I'd like the entries repeated exactly, without their pictures.
╔══
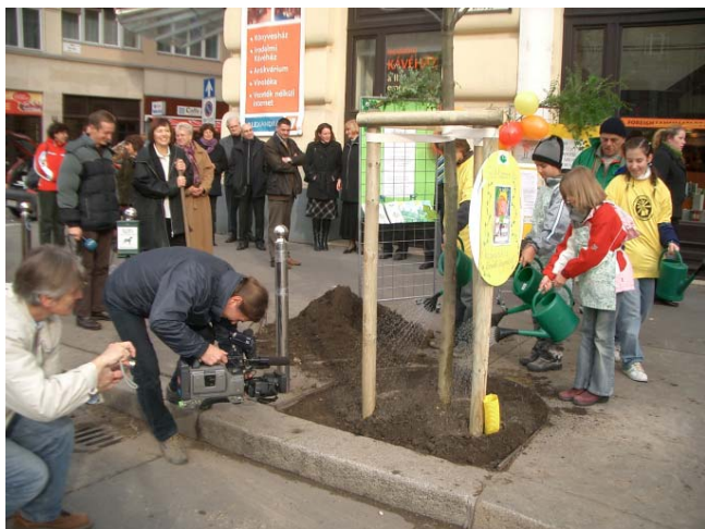
Kivágott fa pótlása a Zöld levél program keretében

goztunk ki 17 egy gyorsan és kis költséggel megvalósítható dugódíjra, amelynek bevezetésével csökkennek a dugók és a levegőszennyezés, ugyanakkor megfelelő bevétel keletkezik a BKV részére.
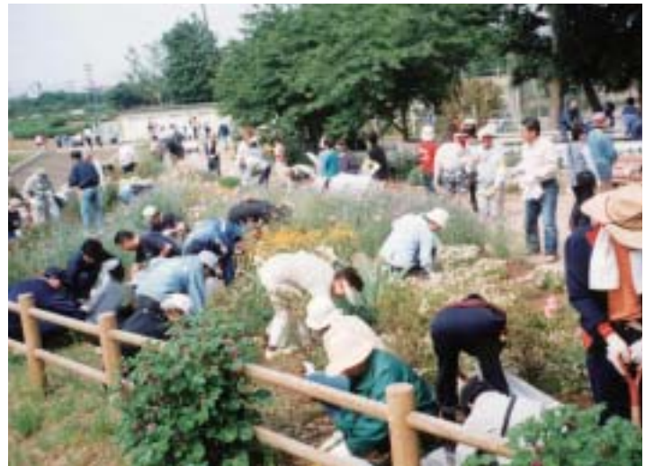
▲クリーン作戦でとしたり公園の除草に汗を流す
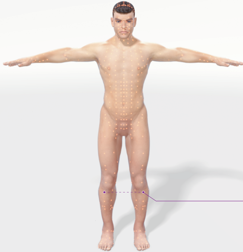
Схема акупунктурных точек
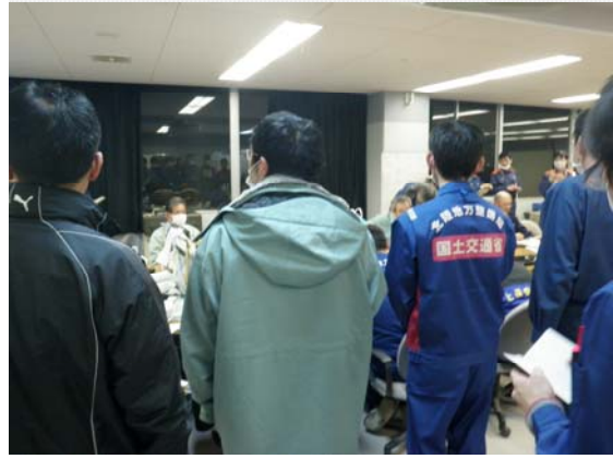
災害対策本部全体会議 (3/29)
╚══
Answer below:
Kivágott fa pótlása a Zöld levél program keretében

goztunk ki 17 egy gyorsan és kis költséggel megvalósítható dugódíjra, amelynek bevezetésével csökkennek a dugók és a levegőszennyezés, ugyanakkor megfelelő bevétel keletkezik a BKV részére.
▲クリーン作戦でとしたり公園の除草に汗を流す
Схема акупунктурных точек
災害対策本部全体会議 (3/29)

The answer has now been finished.